The author of the book with technical knowledge about Bitcoin deepens more on the roads that can be used to discover similar organization patterns in the choice of transactions, which point to Antpool. «For example, if you can find templates with the same organization, arrival times and even technical errors, you can start painting an image of a network where Antpool substantially controls more hash than it seems,» said Rob Warren.
Although the Bitcoin chain protocol analyst the correct method to know what is happening in the Mempool beyond the coinbase attribution, it does not clearly clarify How conclusion that Antpool could be the entity exercising a secret domain could be About Bitcoin mining. It does not name, then, specific pools that are supposedly under the influence of antpool.
The question is then open: if antpool is functioning as the backend From other pools, what are these pools and why?
What is safe, however, is that today there is an alternative form, related to the methods described by Warren, to evaluate the origin and data of a template beyond coinbase. His name is Miningpool.Observer, and was created by @Boerst, who raised the discussion and promoted the subsequent reflections of Warren.

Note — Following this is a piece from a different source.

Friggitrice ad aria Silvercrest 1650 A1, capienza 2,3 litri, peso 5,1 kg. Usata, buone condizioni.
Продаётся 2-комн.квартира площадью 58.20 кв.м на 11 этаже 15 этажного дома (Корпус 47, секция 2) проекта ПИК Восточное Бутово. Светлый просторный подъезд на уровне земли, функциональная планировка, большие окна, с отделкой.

Mining Pool Observer uses the following methodology:
Compare a recent block template with a freshly mined block. For an ideal comparison, a simultaneously built template is needed with the mining pool block. Since this is not possible without the active capture of data from different mining pools (for example, capturing Stratum’s works), the template creation time is assumed.

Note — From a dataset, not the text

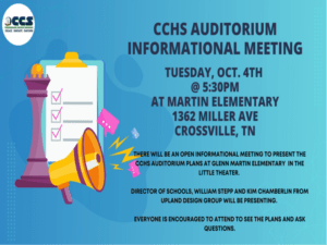 CCHS Auditorium Informational Meeting Tuesday, October 4th @ 5:30 pm located at Glenn Martin Elementary School's Little Theater.

Mining Pool Observer, mining block explorer.
Another developer believes that Bitcoin mining pools are a masquerade
Luke Dashjr, developer of Bitcoin Core and CTO of Ocean Pool, has been one of the most forceful critics of this dynamic and one of the bitcoiners that maintains that there is no independence between the great mining pools.

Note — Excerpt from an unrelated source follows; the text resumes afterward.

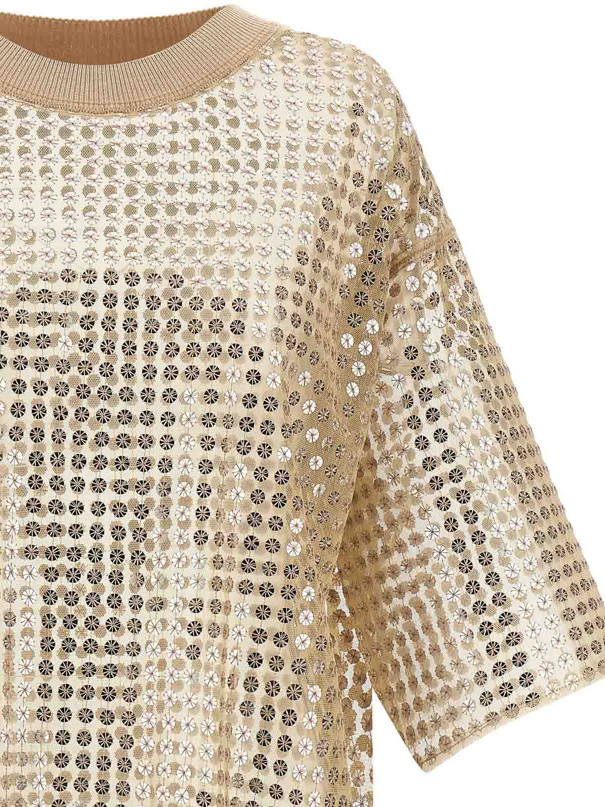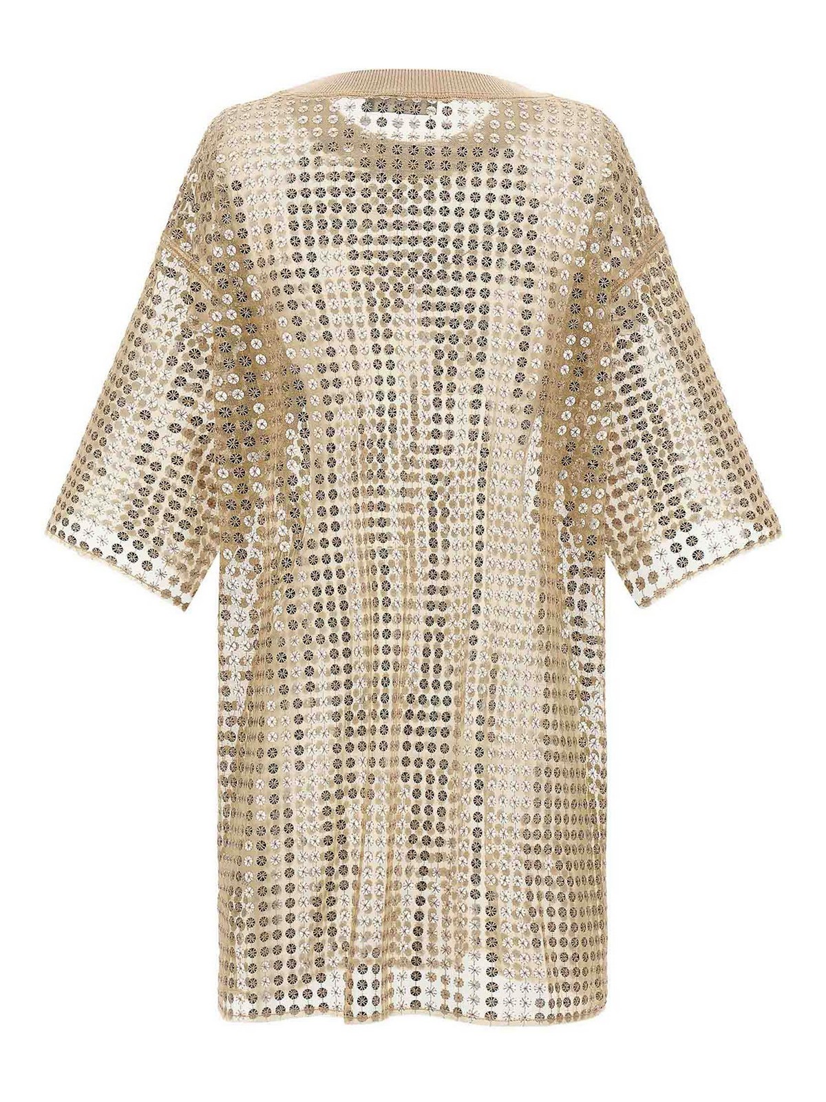 半透明メッシュのミニドレス。全体にトーン・オン・トーンのスパンコールをあしらい、クルーネック、ショートスリーブをあしらいました。

In an exclusive interview with cryptootics, published on March 28, 2025, Dashjr said that many mining pools are not as independent as they appear. In their words, these pools operate as «pools with masks», a metaphor that uses to describe how these entities would be showing externally something that is not inside, hiding.
Dashjr was particularly emphatic when explaining the coincidence in the transaction templates: «The templates are only the same when they are not different pools.» With this statement, the developer suggests that Uniformity in the templates is proof that pools do not operate independentlybut they are coordinated or directly.
In addition, Dashjr added a direct criticism to the infrastructure behind these pools: «They are putting different names on the same servers.» For the developer, this undercover centralization is a serious problem, since it undermines one of the fundamental principles of Bitcoin: the autonomy of the participants in the network.
The hypothesis of a centralization and undercover interests between Bitcoin mining entities is not new. Before 2021, Bitmain was the owner of Antpool, A pool that, together with Foundry USA, controlled more than half of the global hashrate. Today, Antpool has about 17% of the global hashrate, according to hashrate index data, and Bitmain is the dominant manufacturer of the Asics market, quite a distance from the second. This is demonstrated by this list of the most profitable mining teams for mine Bitcoin.
In December 2020, Viaabtc did business with a Bitmain subsidiarycalled Antsetry, as demonstrated in this blog.
The combination of these elements – the uniformity of the transaction templates, Dashjr’s criticism over the «pools with masks», the finding of @Boet about synchronized errors – draws a shadow of concern in Bitcoin mining, although the final and conclusive evidence is missing.
However, confronted with this situation for the reasons mentioned in this article or by others that threaten Bitcoin’s decentralization, new pools have got to work.
This is the case of Ocean Pool, which has been in the market for longer and has undermined more than 200 blocks, and DMND (phonetically, «demand»), a mining protocol that Stratum V2 uses, an infrastructure that allows the negotiation of work by the miners and, consequently, a greater power of these to decide on transactions and their inclusion in the blocks.